* _INSTRUCTIONS TO FOLLOW_
From the data that follows, set down exactly the lines from the one with "食族人酸辣粉休闲方便食品速食冲泡夜宵 【6桶】定制酸辣粉*3+锅巴酸辣粉*3" through the one with "韩城秧歌以曲艺形式充分展现了", counting both. Pictures stay out.

* _RECORDS PROVIDED_
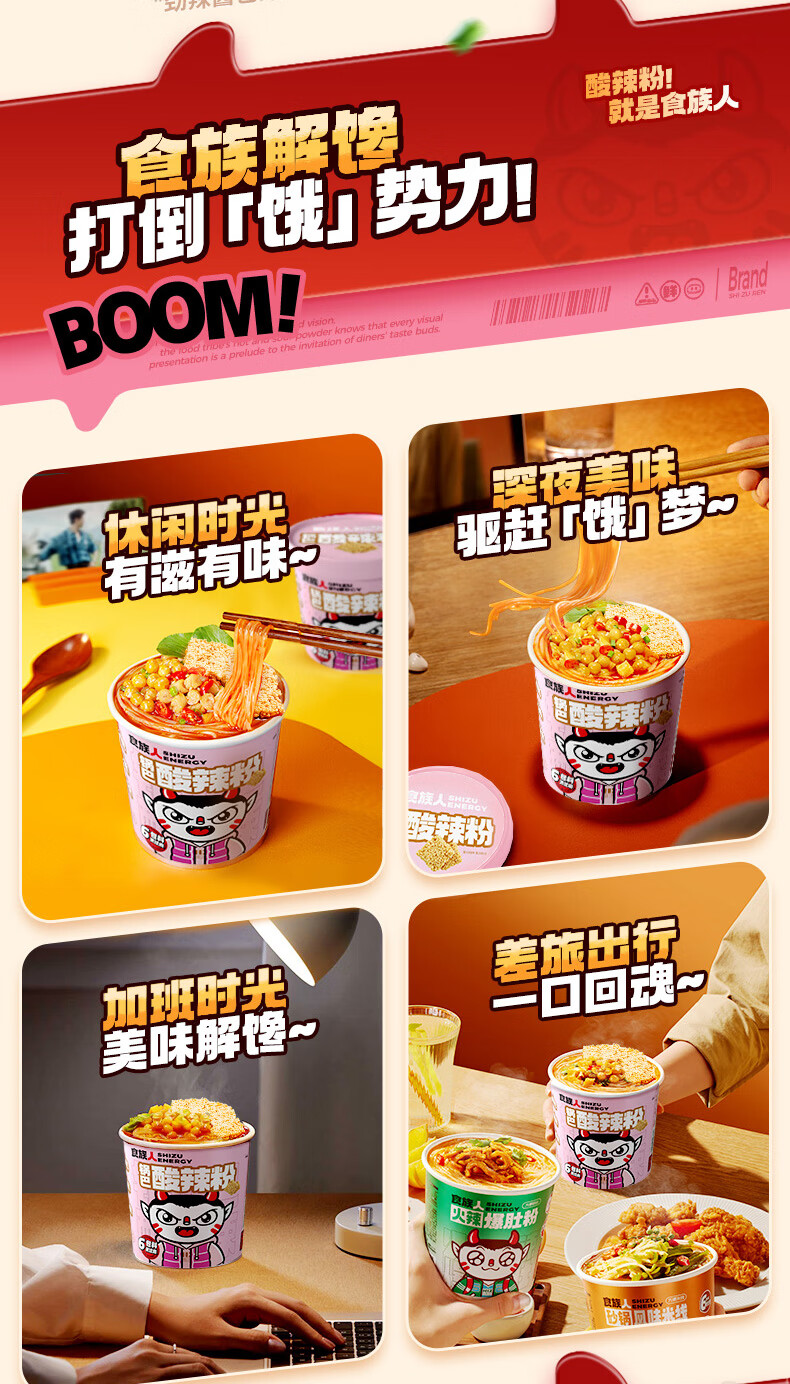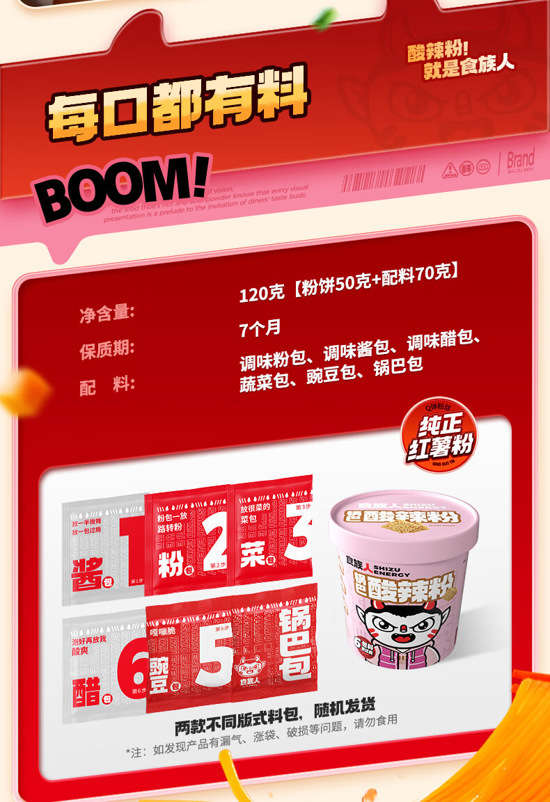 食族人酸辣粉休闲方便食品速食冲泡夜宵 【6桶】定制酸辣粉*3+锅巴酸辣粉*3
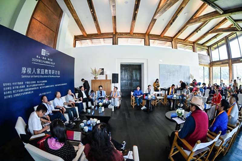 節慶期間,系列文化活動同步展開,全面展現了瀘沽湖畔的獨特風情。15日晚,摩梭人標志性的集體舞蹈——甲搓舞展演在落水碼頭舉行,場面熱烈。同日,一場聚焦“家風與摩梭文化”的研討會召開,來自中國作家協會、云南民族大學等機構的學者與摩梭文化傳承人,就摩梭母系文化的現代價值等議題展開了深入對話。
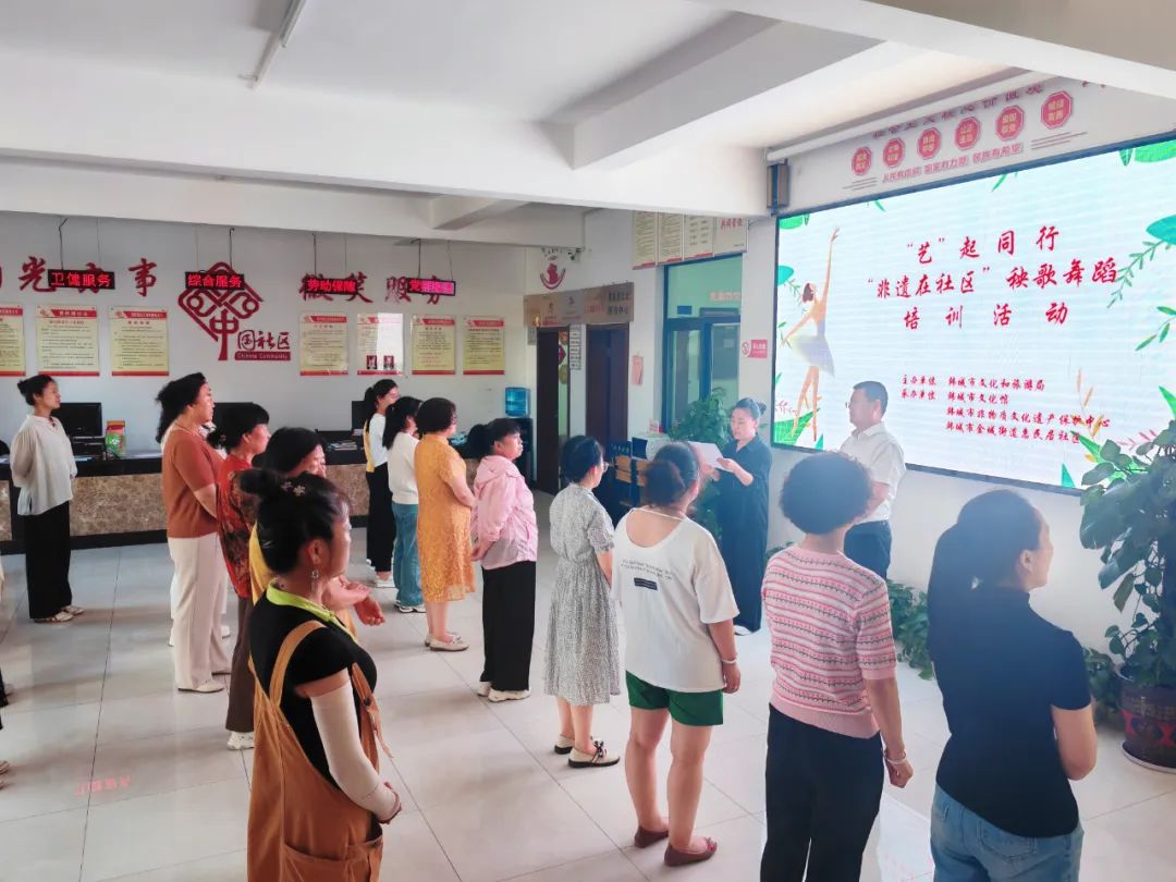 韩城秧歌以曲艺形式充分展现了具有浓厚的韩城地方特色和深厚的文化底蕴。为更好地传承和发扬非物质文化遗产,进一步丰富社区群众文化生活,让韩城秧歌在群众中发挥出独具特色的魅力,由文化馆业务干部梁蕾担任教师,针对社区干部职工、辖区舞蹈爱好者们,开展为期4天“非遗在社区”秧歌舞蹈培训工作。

--

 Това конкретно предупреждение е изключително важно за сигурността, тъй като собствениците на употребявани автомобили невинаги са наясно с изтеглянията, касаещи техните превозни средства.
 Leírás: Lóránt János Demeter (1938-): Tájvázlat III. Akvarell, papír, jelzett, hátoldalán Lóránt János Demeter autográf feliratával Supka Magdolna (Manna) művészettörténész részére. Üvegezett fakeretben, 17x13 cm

--

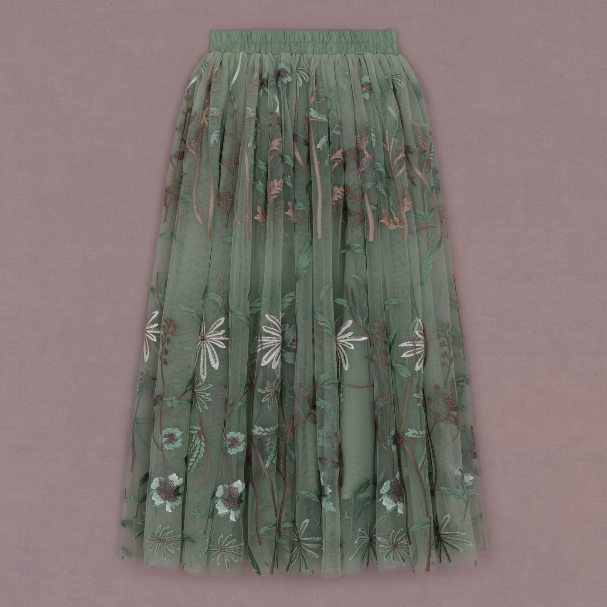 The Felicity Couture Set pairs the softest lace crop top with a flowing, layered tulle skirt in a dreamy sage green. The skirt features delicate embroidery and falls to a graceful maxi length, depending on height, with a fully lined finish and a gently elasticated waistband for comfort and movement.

* _ANSWER SECTION_
 食族人酸辣粉休闲方便食品速食冲泡夜宵 【6桶】定制酸辣粉*3+锅巴酸辣粉*3
 節慶期間,系列文化活動同步展開,全面展現了瀘沽湖畔的獨特風情。15日晚,摩梭人標志性的集體舞蹈——甲搓舞展演在落水碼頭舉行,場面熱烈。同日,一場聚焦“家風與摩梭文化”的研討會召開,來自中國作家協會、云南民族大學等機構的學者與摩梭文化傳承人,就摩梭母系文化的現代價值等議題展開了深入對話。
 韩城秧歌以曲艺形式充分展现了具有浓厚的韩城地方特色和深厚的文化底蕴。为更好地传承和发扬非物质文化遗产,进一步丰富社区群众文化生活,让韩城秧歌在群众中发挥出独具特色的魅力,由文化馆业务干部梁蕾担任教师,针对社区干部职工、辖区舞蹈爱好者们,开展为期4天“非遗在社区”秧歌舞蹈培训工作。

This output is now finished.